Task item
Copy the data exactly. Images are to be left out.

Stored dataset items:
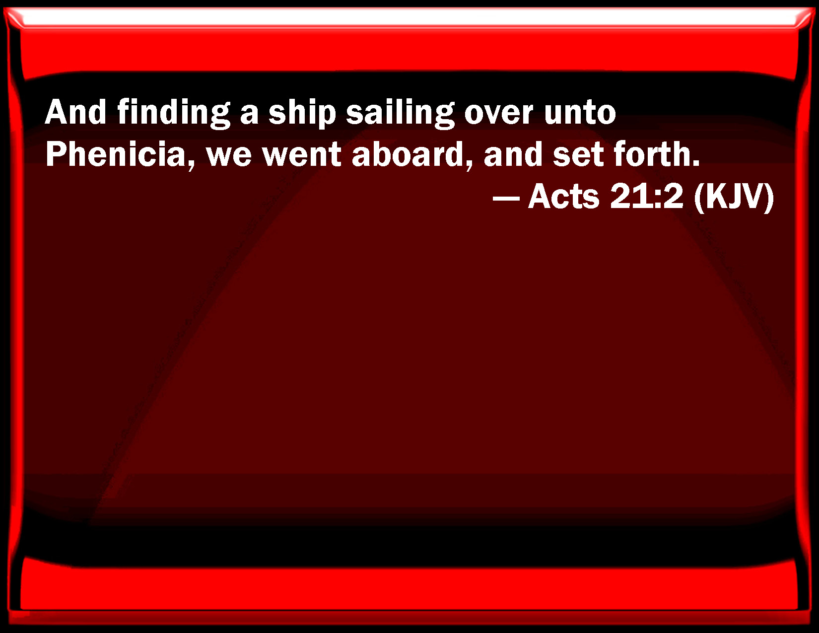 Bible Verse Slide Acts 21:2 And finding a ship sailing over to Phenicia, we went aboard, and set forth. KJV: And finding a ship sailing over unto Phenicia, we went aboard, and set forth. DRB: And when we had found a ship sailing over to Phenice, we went aboard, and set forth. DBT: And having found a ship passing over into Phoenicia, we went on board and sailed; ERV: and having found a ship crossing over unto Phoenicia, we went aboard, and set sail. WBT: And finding a ship sailing over to Phenicia, we went aboard, and set forth. WEB: Having found a ship crossing over to Phoenicia, we went aboard, and set sail. YLT: and having found a ship passing over to Phenicia, having gone on board, we sailed,Links Acts 21:2 NIV • Acts 21:2 NLT • Acts 21:2 ESV • Acts 21:2 NASB • Acts 21:2 KJV • Acts 21:2 Interlinear • Acts 21:2 Commentaries • Acts 21:2 Parallel Texts • Acts 21:2 Bible Apps • Acts 21:2 Parallel • Bible Hub |
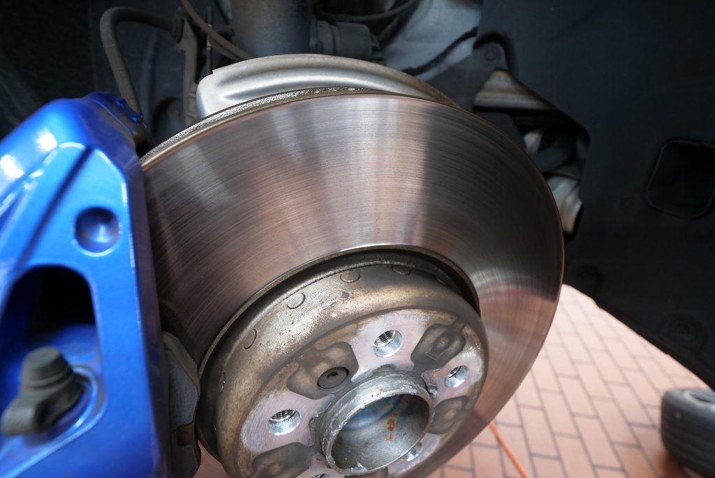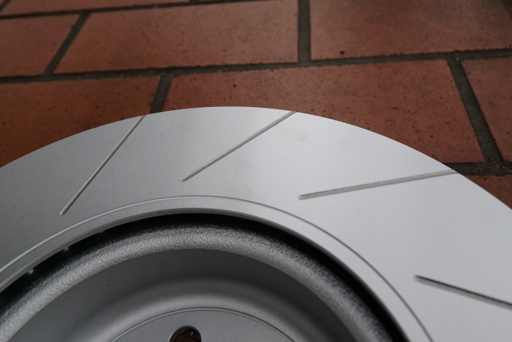 前後共に、ローターも下限値あたりまで来ていたのでSR4ブレーキパッドと組み合わせてローター交換もご依頼頂きました。そのままのプレーンではツマラナイw ということで、SDと呼ばれるスリットへ!
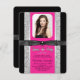 Sweet 16 invitation à la fête avec un joli rose chaud sur un élégant arrière - plan de parties scintillant noir et argent avec belle arc noir brillant. Cette belle invitation de fête d'anniversaire en sweet sixteen de parties scintillant rose chaud est facilement customisée avec vos photos et détails de l'événement dans le style et la couleur de police, et le libellé de votre choix. Vous pouvez également changer la couleur arrière - plan sur cet élégant faire-part de graduation rose chaud.
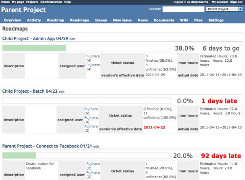 通常、「ロードマップ」モジュールをクリックすると、そのプロジェクトのロードマップだけ一覧表示される。しかし、進… 続きを読む: Redmineプラグイン開発 – Roadmapsプラグインリリース
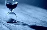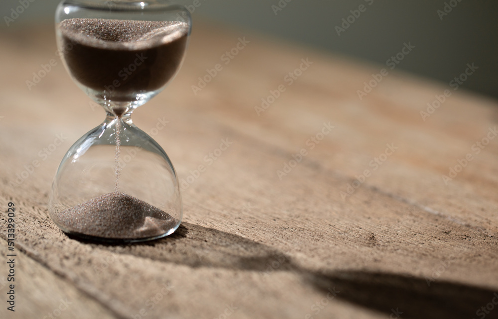 hourglass (sand clock) on an old wooden table, deadline for doing business, elapsed time concept, copy space.
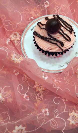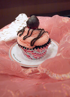 When I was a wee lass (Or maybe, like, a 23 year woman? Just maybe.) I loved chocolate covered cherries. I know a lot of people find them a less than favorable candy. Tooth achingly sweet and artificial cherries wrapped in chocolate? Um, Yes! I'm sorry, but they're awesome. As are the cupcakes versions. :)
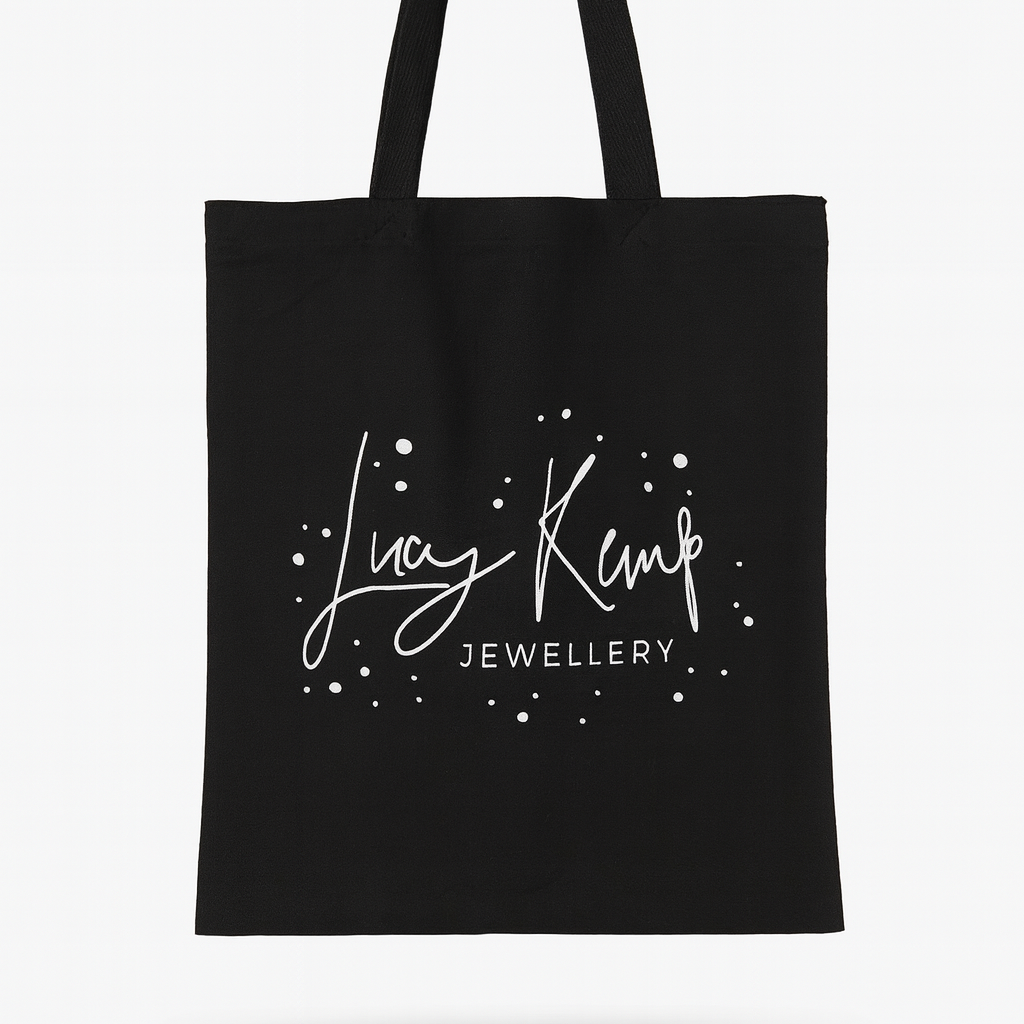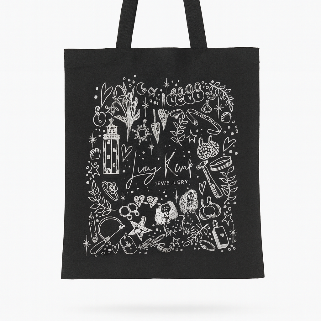 A lovely, spacious tote bag featuring a branded illustration on one side, and the Lucy Kemp Jewellery logo to the other side.

Exercise response
 Bible Verse Slide Acts 21:2 And finding a ship sailing over to Phenicia, we went aboard, and set forth. KJV: And finding a ship sailing over unto Phenicia, we went aboard, and set forth. DRB: And when we had found a ship sailing over to Phenice, we went aboard, and set forth. DBT: And having found a ship passing over into Phoenicia, we went on board and sailed; ERV: and having found a ship crossing over unto Phoenicia, we went aboard, and set sail. WBT: And finding a ship sailing over to Phenicia, we went aboard, and set forth. WEB: Having found a ship crossing over to Phoenicia, we went aboard, and set sail. YLT: and having found a ship passing over to Phenicia, having gone on board, we sailed,Links Acts 21:2 NIV • Acts 21:2 NLT • Acts 21:2 ESV • Acts 21:2 NASB • Acts 21:2 KJV • Acts 21:2 Interlinear • Acts 21:2 Commentaries • Acts 21:2 Parallel Texts • Acts 21:2 Bible Apps • Acts 21:2 Parallel • Bible Hub |
 前後共に、ローターも下限値あたりまで来ていたのでSR4ブレーキパッドと組み合わせてローター交換もご依頼頂きました。そのままのプレーンではツマラナイw ということで、SDと呼ばれるスリットへ!
 Sweet 16 invitation à la fête avec un joli rose chaud sur un élégant arrière - plan de parties scintillant noir et argent avec belle arc noir brillant. Cette belle invitation de fête d'anniversaire en sweet sixteen de parties scintillant rose chaud est facilement customisée avec vos photos et détails de l'événement dans le style et la couleur de police, et le libellé de votre choix. Vous pouvez également changer la couleur arrière - plan sur cet élégant faire-part de graduation rose chaud.
 通常、「ロードマップ」モジュールをクリックすると、そのプロジェクトのロードマップだけ一覧表示される。しかし、進… 続きを読む: Redmineプラグイン開発 – Roadmapsプラグインリリース
 hourglass (sand clock) on an old wooden table, deadline for doing business, elapsed time concept, copy space.
 When I was a wee lass (Or maybe, like, a 23 year woman? Just maybe.) I loved chocolate covered cherries. I know a lot of people find them a less than favorable candy. Tooth achingly sweet and artificial cherries wrapped in chocolate? Um, Yes! I'm sorry, but they're awesome. As are the cupcakes versions. :)
 A lovely, spacious tote bag featuring a branded illustration on one side, and the Lucy Kemp Jewellery logo to the other side.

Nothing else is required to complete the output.